Richard Darryl Way (born 17 December 1948 in Taunton, Somerset, England) is an English rock and classical musician who was a founding member of Curved Air and co-writer of their Progressive Rock seminal albums from 1970 to 1976. He is best known as a violinist although he also plays keyboards.

Biography
He began his musical training at Dartington College of Arts, and later studied at the Royal College of Music. When he met Francis Monkman, they formed the band Sisyphus, which evolved into Curved Air.

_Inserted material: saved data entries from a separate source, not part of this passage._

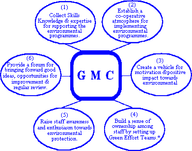 The GMC helps the Green Manager develop and implement the environmental programmes in the following ways :
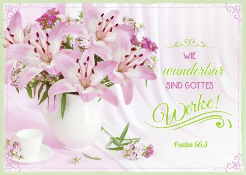 Postkarte Zahrtrosa Lilien - 12 Stück pro Päckchen
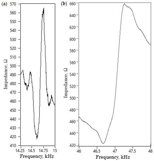 Measured impedance—frequency characteristics of the actuator in the frequency range of 14.25–15.00 kHz (a) and 46.0–48.0 kHz (b).
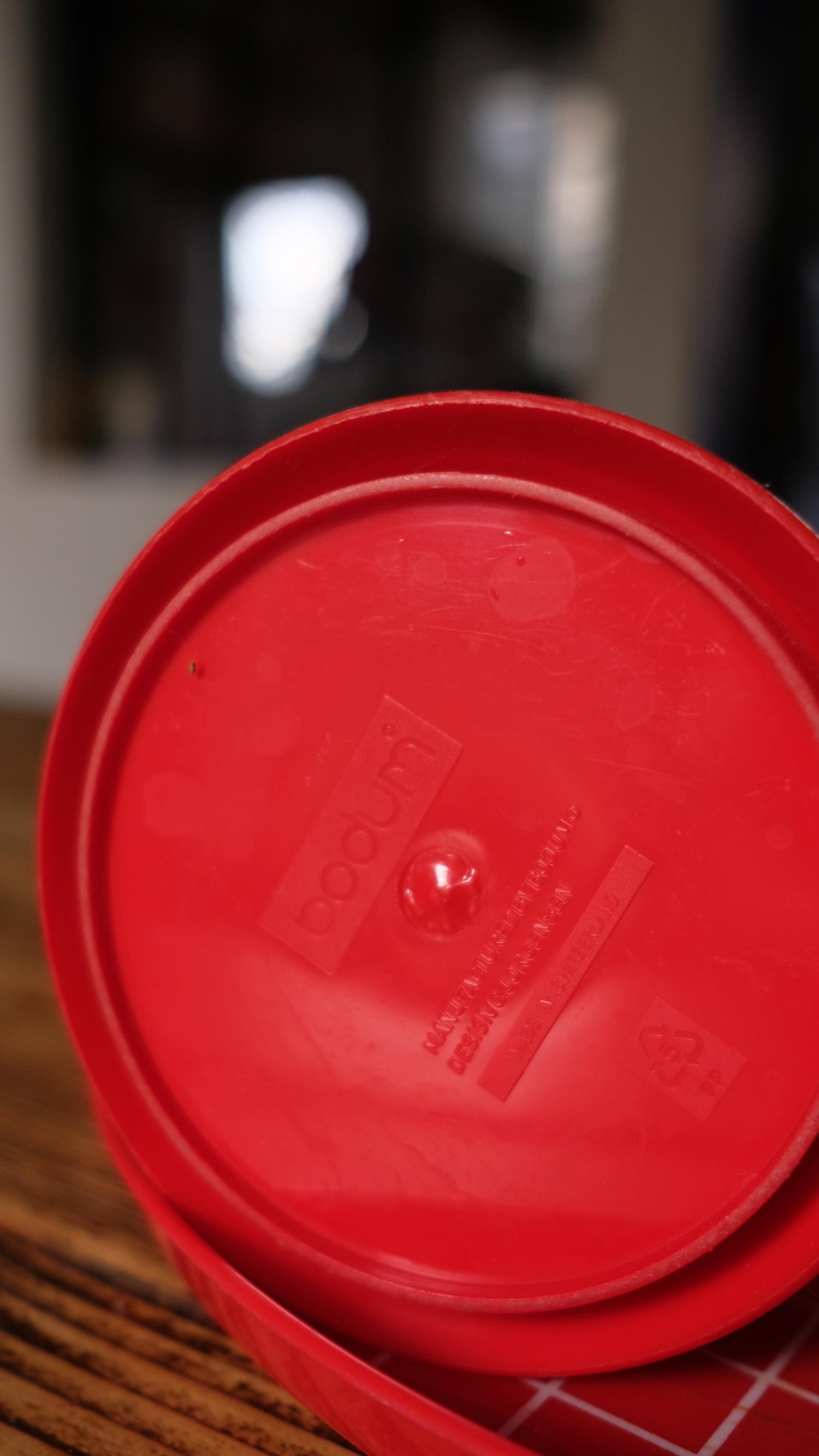 A noter quelques grain de café moulus entre la paroi en verre et celle en plastique, mais ne se voient pas de l'extérieur.

After three albums and a hit single with Curved Air, he left in 1972 and formed the band Darryl Way's Wolf, which also recorded three albums before splitting. His next band, Stark Naked & the Car Thieves, went on hiatus when Curved Air reformed in late 1974. After their Curved Air – Live album, Curved Air split, only to be reformed by Way primarily using members of Stark Naked & the Car Thieves. He recorded two studio albums with this new incarnation of the group before leaving again.

He played on two tracks on Jethro Tull's 1978 album Heavy Horses. He then went on to release several solo albums, including Concerto for Electric Violin, which premiered on the South Bank Show with the Royal Philharmonia Orchestra in 1978. There was a subsequent performance at Leeds Town Hall in the early 1980s which was broadcast live on BBC Radio Leeds.

Curved Air reunited briefly in 1990 and a live recording of their reunion concert was released in 2000. 
 
In November 1996, his own opera, The Russian Opera, was premiered at The Place Theatre in London, and his song writing work includes music settings to lyrics by Steven Berkoff.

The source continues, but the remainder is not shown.